During my code I communicate with a database (not a part of my solution file). The database is possessed with a separate team of DBA's, and also the code we designers write is just permitted to gain access to saved procs. However we've full look at the database's procs, tables, and posts (it's definition). For my code that's based mostly on data, I presently write unit tests that dumb-up data within the tables (and destroy/remove individuals rows following the unit test is performed), in order to run unit tests to exercise my code that interacts using the DB. All the code to get this done is incorporated in the test file (mainly in the ClassInitialize() and ClassCleanup() functions). However I have received some quantity of grief from the new colleagues call my type of unit tests "destructive" because I just readOrcreate towards the dev database placing and getting rid of rows.
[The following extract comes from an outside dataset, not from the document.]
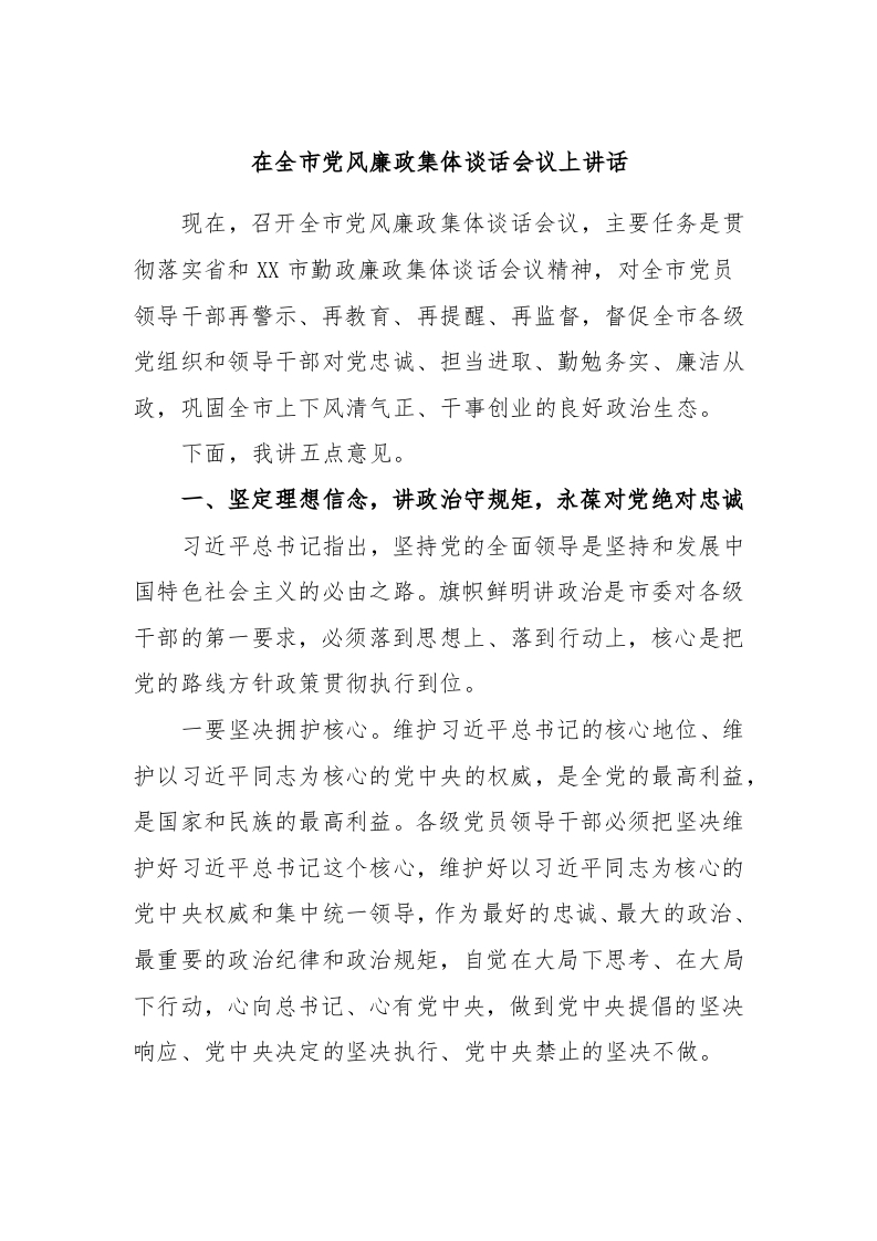 / 在全市党风廉政集体谈话会议上讲话

At that time we code the system tests, the database design is usually not stable, a lot of occasions we are able to find issues within the saved proc code before we release the QA department on our programs (saves assets). All of them let me know there's a method to clone towards the database into memory at that time the MSTest unit exams are run, however they do not know how to get it done. I have investigated online and can't try to do what my colleagues need me to complete.

Can someone let me know without a doubt whether it sometimes happens within the atmosphere I proven above? If that's the case, are you able to point me within the right direction?

If you're able to produce a 'seam' between your business logic code as well as your data access layer you ought to be ok. Use connects to represent anything your DAL exposes for your business logic after which either write your personal group of Fake objects or make use of a mocking tool for example rhino-mocks.

If you're writing tests that hit that database then you've an enormous maintenance headache, since while you condition, the database is altering, and it causes it to be hard to maintain an atmosphere that can access the database. What you're really writing are integration tests, that are still valid, but true unit test's shouldnt have dependencies on databases, file system, etc.